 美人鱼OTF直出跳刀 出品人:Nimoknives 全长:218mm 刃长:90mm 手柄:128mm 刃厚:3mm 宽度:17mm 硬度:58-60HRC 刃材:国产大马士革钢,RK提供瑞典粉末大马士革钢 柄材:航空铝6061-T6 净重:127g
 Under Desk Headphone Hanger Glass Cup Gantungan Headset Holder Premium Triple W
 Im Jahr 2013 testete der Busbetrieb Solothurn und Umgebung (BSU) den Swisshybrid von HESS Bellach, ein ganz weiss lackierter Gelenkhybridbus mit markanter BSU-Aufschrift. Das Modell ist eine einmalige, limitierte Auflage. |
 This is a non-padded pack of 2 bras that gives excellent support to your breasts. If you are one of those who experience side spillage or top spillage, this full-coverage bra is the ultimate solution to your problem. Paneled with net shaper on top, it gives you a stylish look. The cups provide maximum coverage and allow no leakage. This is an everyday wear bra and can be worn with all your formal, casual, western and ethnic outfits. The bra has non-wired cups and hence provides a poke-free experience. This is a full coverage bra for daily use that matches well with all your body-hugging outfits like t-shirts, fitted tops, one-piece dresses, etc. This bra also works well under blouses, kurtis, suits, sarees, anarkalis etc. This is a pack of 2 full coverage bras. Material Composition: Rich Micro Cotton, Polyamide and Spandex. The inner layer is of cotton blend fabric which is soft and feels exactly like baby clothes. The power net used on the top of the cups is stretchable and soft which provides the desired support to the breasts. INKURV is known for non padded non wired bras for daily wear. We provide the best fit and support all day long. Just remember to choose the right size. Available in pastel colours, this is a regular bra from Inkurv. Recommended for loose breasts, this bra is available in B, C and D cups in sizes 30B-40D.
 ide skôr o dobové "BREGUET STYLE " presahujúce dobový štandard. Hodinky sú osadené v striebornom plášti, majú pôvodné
+ + +
Beginning at the top of the records above, transcribe each line exactly up to and including the line that holds "Im Jahr 2013".

▶ [Response area]:
 美人鱼OTF直出跳刀 出品人:Nimoknives 全长:218mm 刃长:90mm 手柄:128mm 刃厚:3mm 宽度:17mm 硬度:58-60HRC 刃材:国产大马士革钢,RK提供瑞典粉末大马士革钢 柄材:航空铝6061-T6 净重:127g
 Under Desk Headphone Hanger Glass Cup Gantungan Headset Holder Premium Triple W
 Im Jahr 2013 testete der Busbetrieb Solothurn und Umgebung (BSU) den Swisshybrid von HESS Bellach, ein ganz weiss lackierter Gelenkhybridbus mit markanter BSU-Aufschrift. Das Modell ist eine einmalige, limitierte Auflage. |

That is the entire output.